Southern Hemisphere gardeners: Xylella isn’t currently established in Australia, New Zealand or South Africa, but biosecurity agencies in all three countries, they’re monitoring it closely. This really matters for your late-spring/summer season around 11 days before Christmas through about three weeks in January — you’ve got to check import restrictions before bringing in any Mediterranean plants.

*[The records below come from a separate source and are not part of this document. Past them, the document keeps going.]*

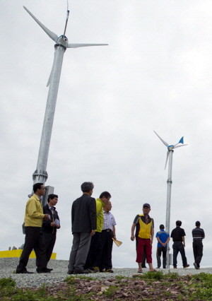 전남 해남군은 화산면 삼마도에 150㎾ 규모의 신재생에너지 발전시스템을 갖춰 전국 최초 '에너지 자립섬'이 됐다고 20일 밝혔다. 사진은 삼마도에 설치된 풍력발전과 현장 점검하는 관계자들. (사진제공=해남군)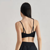 The thin, adjustable straps allow for a personalized fit, making it perfect for low-impact activities like yoga, pilates, or casual wear. Its gathered front design offers a flattering, slightly padded look, while the breathable, stretchy fabric ensures all-day comfort. Whether you're hitting the gym or lounging at home, this sports bra combines functionality with fashion.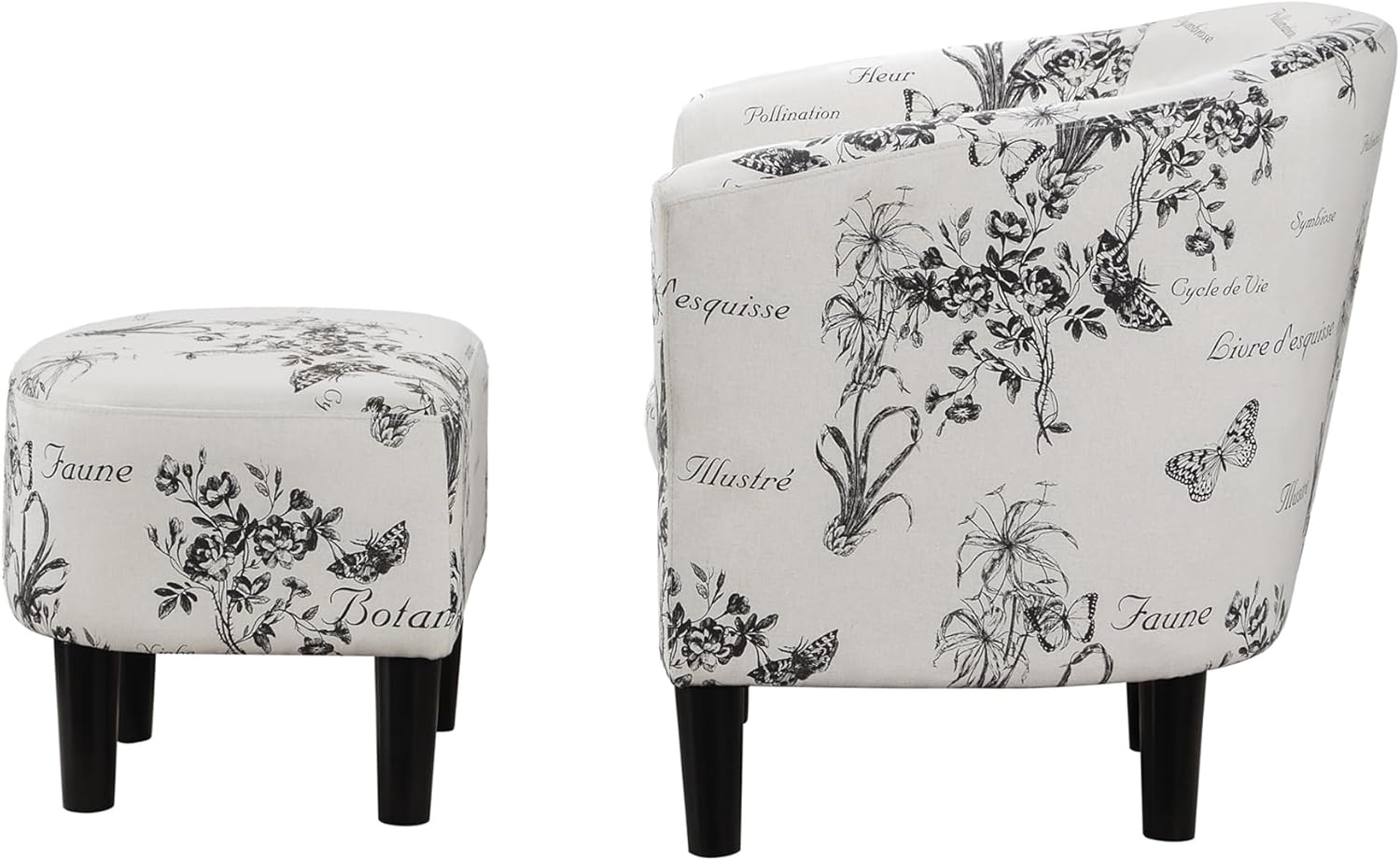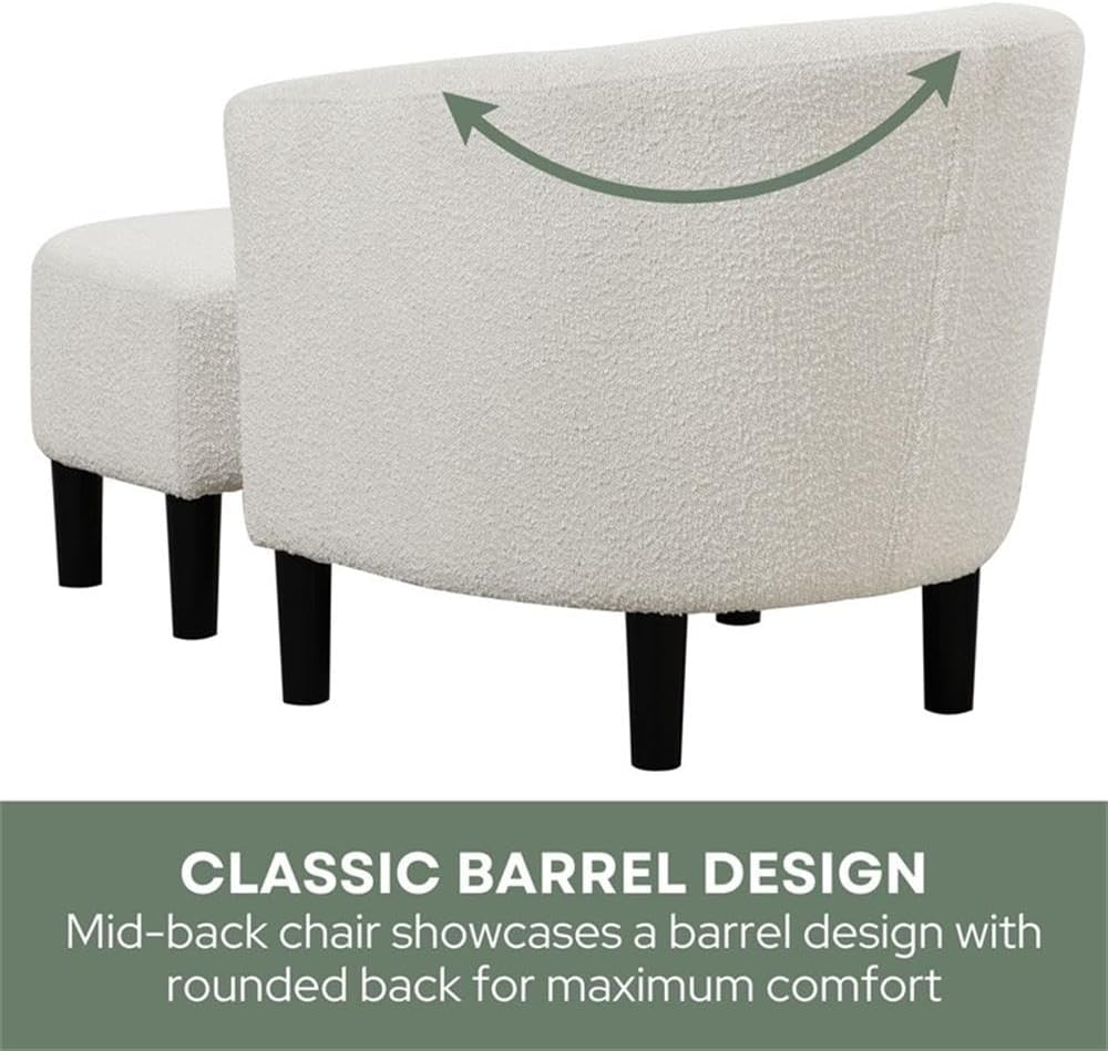 Snuggle up in the Take a Seat Churchill Accent Chair with Ottoman by Convenience Concepts. This comfy contemporary duo gives you the perfect spot to kick up your feet and relax after a hard day of work. Design options are endless and adding a pop of color to any room is easy thanks to the multiple different fabrics available to choose from. This mid-back chair showcases a classic barrel design with a rounded back; curved armrests; and black clean-lined legs. A matching half-oval ottoman with a clean rounded frame perfectly coordinates with the U-shaped chair and gives lavish comfort to your feet and legs. The wooden frame of this sturdy chair and ottoman set is supported by solid rubberwood legs for long-lasting usage. The thick upholstered cushion contains high-density foam; and the soft polyester printed fabric lining of the chair includes fine sewing details for a neat and firm finish. This duo; perfect for small spaces; arrives almost fully assembled with only the legs needing to be attached. Cozy up next to the fireplace in the chic Take a Seat Churchill Accent Chair with Ottoman by Convenience Concepts today!

Lavender plant with dried brown stems and wilting leaves infected by xylella bacteria

Frequently Asked Questions

Smart tip: If your lavender or olive looks drought-stressed but watering doesn’t help, test for Xylella before just assuming it’s a cultural problem. Seriously, don’t wait.

Can Xylella fastidiosa spread to other plants in my garden?

Yes — it’s spread via spittlebugs and other sap-sucking insects moving between hosts. So, remove suspected plants promptly and control insect vectors on surrounding plants to reduce the spread risk.

Is there any treatment for Xylella in olive trees or lavender?

No approved cure exists. Infected plants must be removed and destroyed — don’t even think about composting them.

Some research trials are ongoing, but nothing’s available to home gardeners yet. It’s a waiting game.

How do I tell Xylella apart from simple drought stress or root rot?

Drought stress improves with watering; Xylella doesn’t. Root rot usually shows blackened, mushy roots and starts at the base — Xylella scorch starts at leaf tips and moves inward unevenly across branches. They’re different, trust me.

Should I report a suspected case in my garden?

Yes, immediately. You’ve got to. In the UK, report through the RHS or the Animal and Plant Health Agency (APHA).

In the EU, contact your regional plant health authority — early reporting? It’s the only effective containment tool we’ve got. Don’t underestimate it.